The expected number of uniform random group draws to collect all n coupons has precise asymptotic expressions in three regimes of the group size s as n grows.

A machine-rendered reading of the paper's core claim, the machinery that carries it, and where it could break.

The paper analyzes a batch version of the coupon collector problem in which each draw selects s distinct coupons uniformly at random rather than one at a time. It derives exact leading-term asymptotics for the expected number of draws needed to obtain every coupon, treating three separate growth regimes for s relative to n. The regimes are constant s, s linear in n, and s approaching n from below. These formulas matter because they replace simulation or exact recursion with simple scaling rules once n is large, showing how batch size controls total effort. A reader concerned with probabilistic sampling or collection processes can use the expressions to predict behavior without computing the full distribution.

Core claim

For each of the three regimes of s (constant, proportional to n, and very close to n), the expected collection time in the uniform group-drawing coupon collector admits a precise asymptotic expression as n tends to infinity.

What carries the argument

The Markov chain that tracks the number of distinct coupons collected so far, with one-step transitions induced by uniform selection of an s-subset, whose expected hitting time to the absorbing state is analyzed asymptotically.

If this is right

For fixed s the expected time scales as (n/s) times a logarithmic factor whose constant depends on the harmonic number structure of the process.
When s is a positive fraction of n the expected time becomes linear in n with a coefficient that is an explicit function of the fraction.
When s is n minus a small number the expected time is governed by the probability of hitting the few missing coupons in each draw, yielding a different linear or logarithmic scaling.
The three expressions together cover the full range of batch sizes and therefore allow direct comparison of efficiency across regimes without intermediate simulation.

Where Pith is reading between the lines

These are editorial extensions of the paper, not claims the author makes directly.

The same regime analysis could be attempted for non-uniform distributions over the s-subsets, such as those biased toward recently seen coupons.
The formulas suggest an optimal batch size that minimizes expected draws for a given computational cost per draw, a quantity left implicit in the paper.
High-precision Monte Carlo checks for moderate n in the linear-s regime would test whether the error term in the asymptotics is small enough for practical use.

Load-bearing premise

Draws are independent and each group of s distinct coupons is chosen uniformly at random from all possible combinations of size s.

What would settle it

Exact or high-precision numerical computation of the expected number of draws for n equal to several thousand, with s fixed at 2, compared against the claimed leading asymptotic term; a statistically significant mismatch would refute the asymptotic claim.

Figures

Figures reproduced from arXiv: 2605.06953 by Daniel Berend, Tomer Sher.

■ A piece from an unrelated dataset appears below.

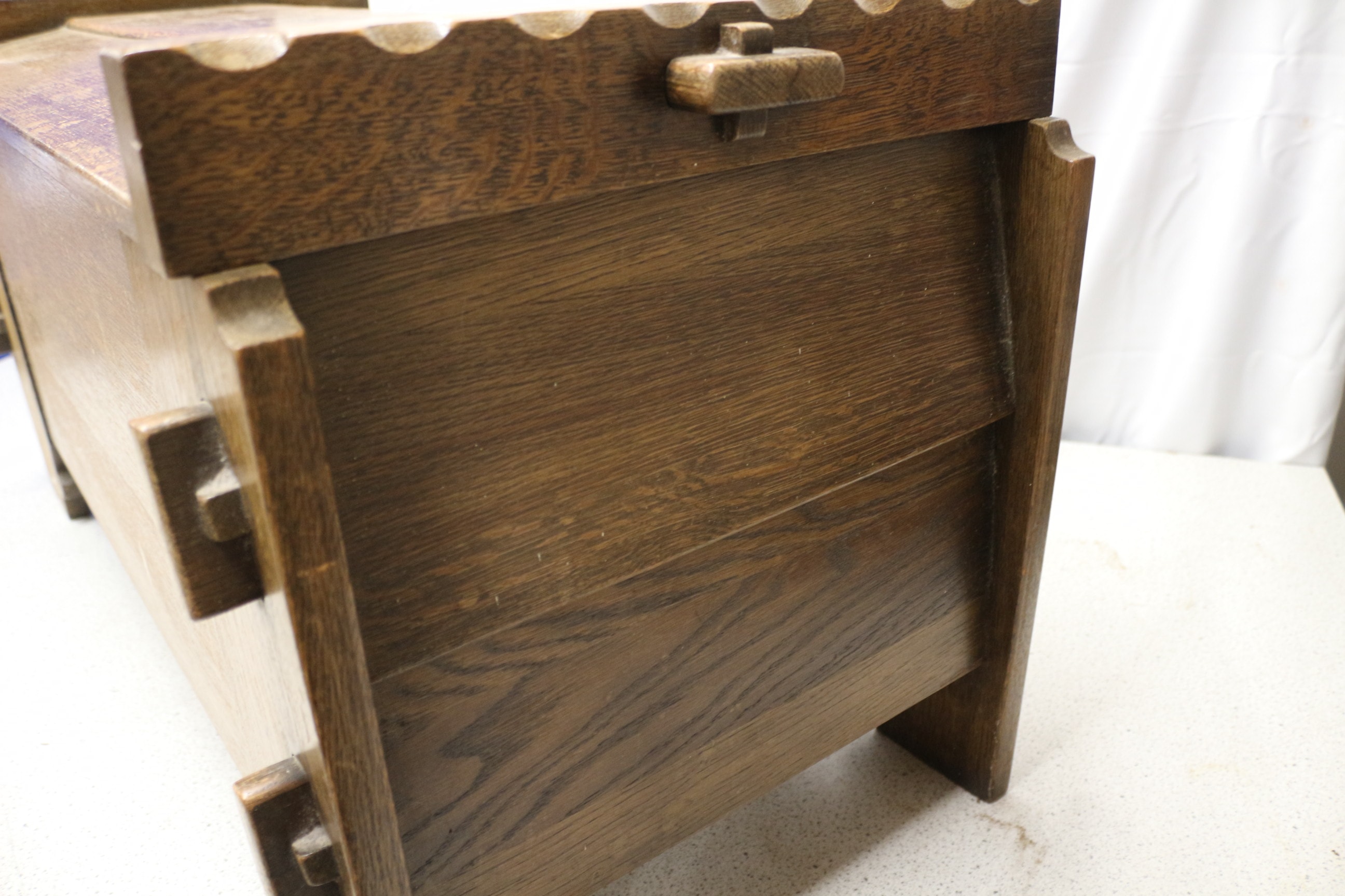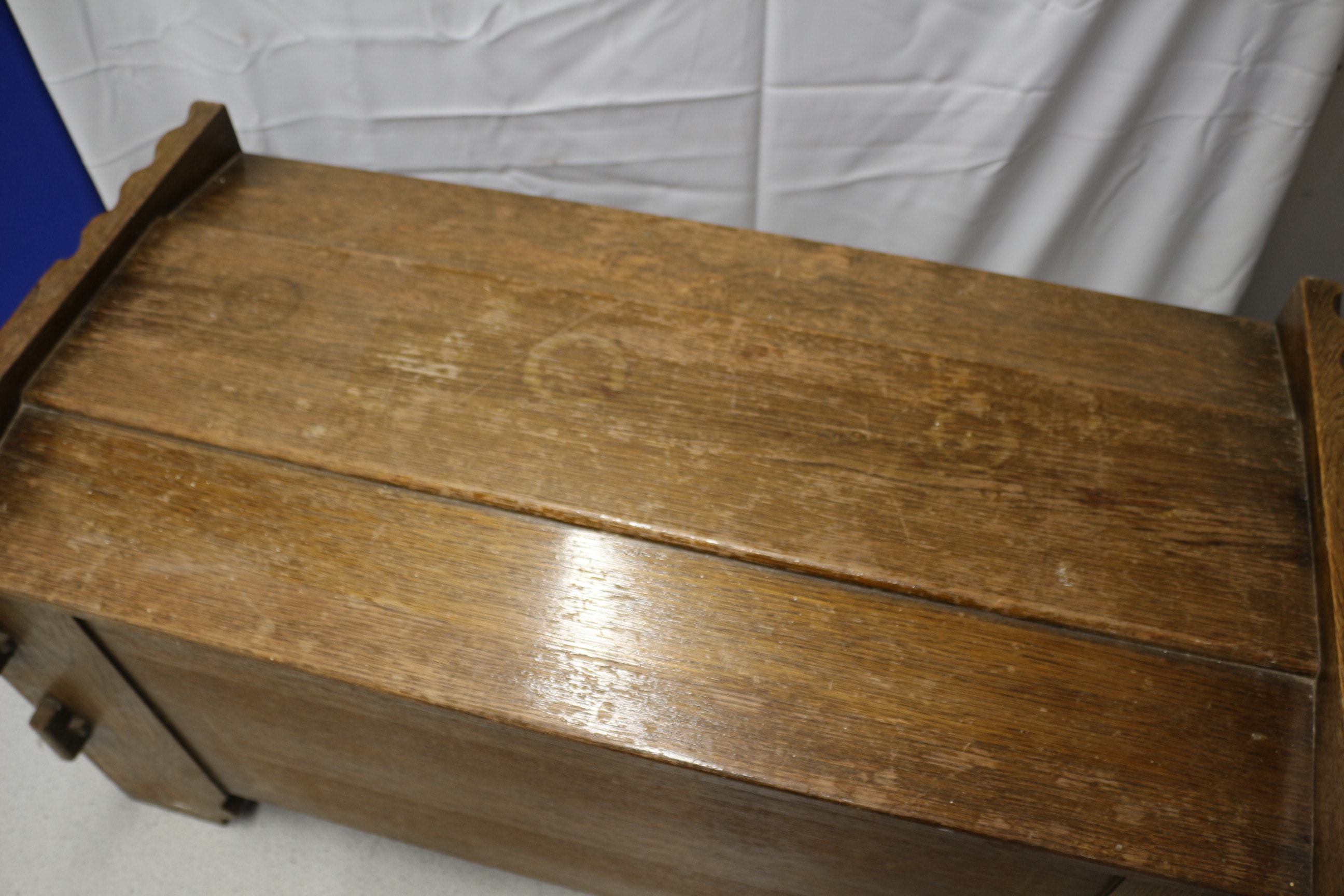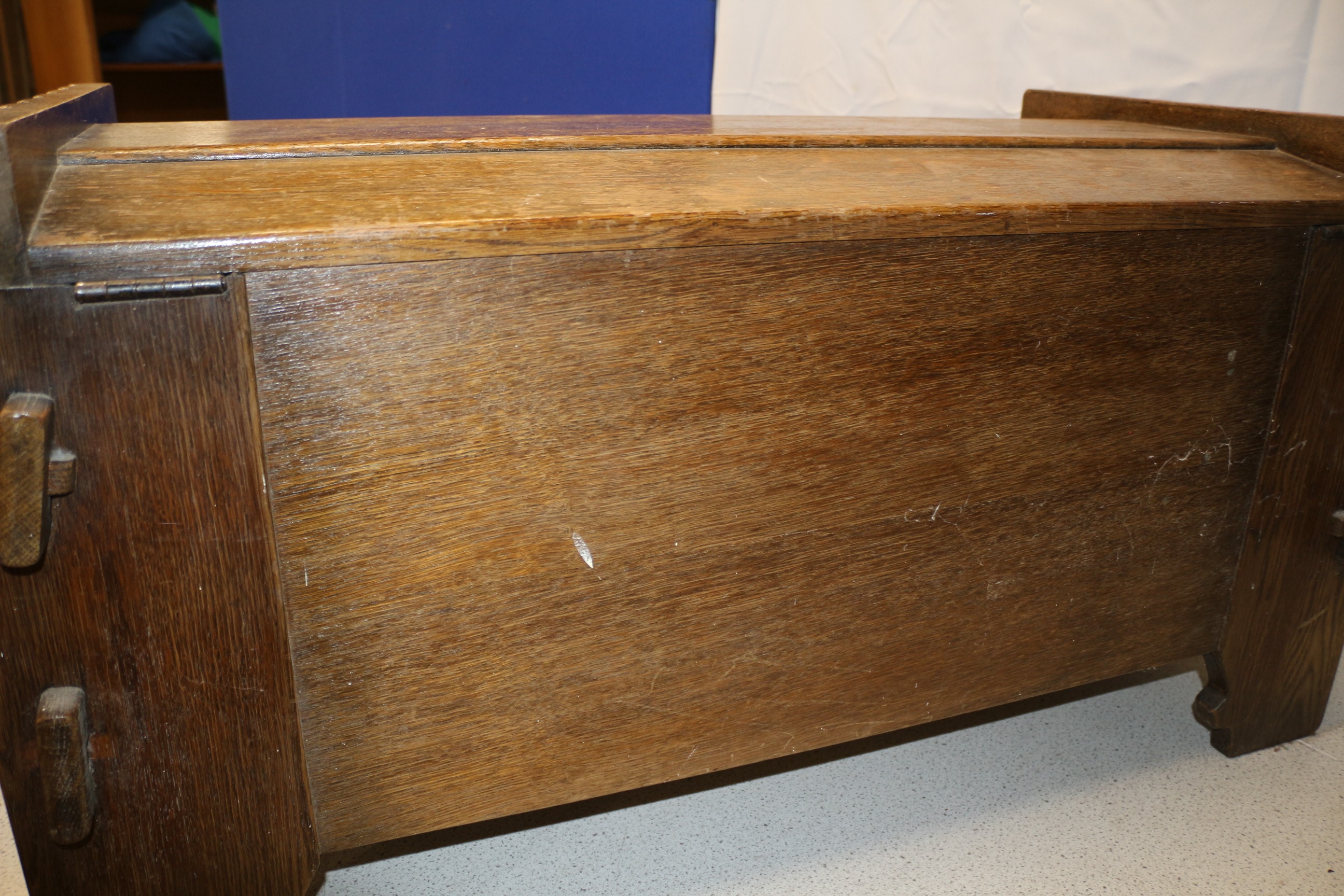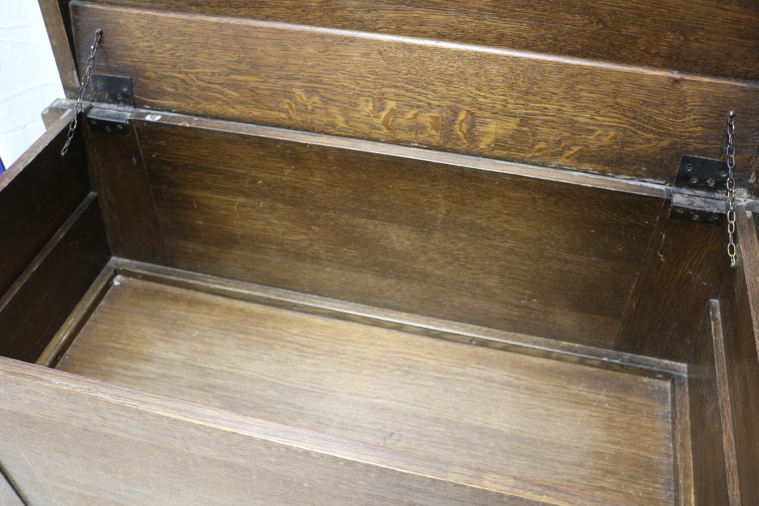A medium brown wooden Arts and Crafts style chest with an opening lid. 98.5x50cm, 52cm Tall

**Figure 1.** Figure 1: g(x) for c = 0.01, 0.5, 0.99 Theorem 2.2. Let s = c · n, where 0 < c < 1 is a constant, and let α = α(n) = {log1/(1−c) n}. As n → ∞, we have E[Y ] = ⌊log1/(1−c) n⌋ + g(α(n)) + o(1). (2) The first term on the right-hand side of (2) is the main term. The other two jointly may be replaced by O(1), but give more information as they are written. Notice that g grows by 1 as we move from 0 to 1−. Thus, the right-… view at source ↗

read the original abstract

The article explores the asymptotic behavior of the expected number of drawings in the Coupon Collector's Problem with group-drawing under the uniform distribution. In this variant, each draw consists of a package of $s$ distinct coupons selected uniformly at random from a set of $n$ coupons. We focus on three regimes of the package size $s$: (i) constant $s$, (ii) $s$ proportional to $n$, and (iii) $s$ "very close" to $n$. For each case, we provide precise asymptotic expressions for the expected collection time. Keywords: Coupon Collector's Problem, Group Drawings, Uniform Distribution, Asymptotic Analysis, Expected Collection Time

Editorial analysis

A structured set of objections, weighed in public.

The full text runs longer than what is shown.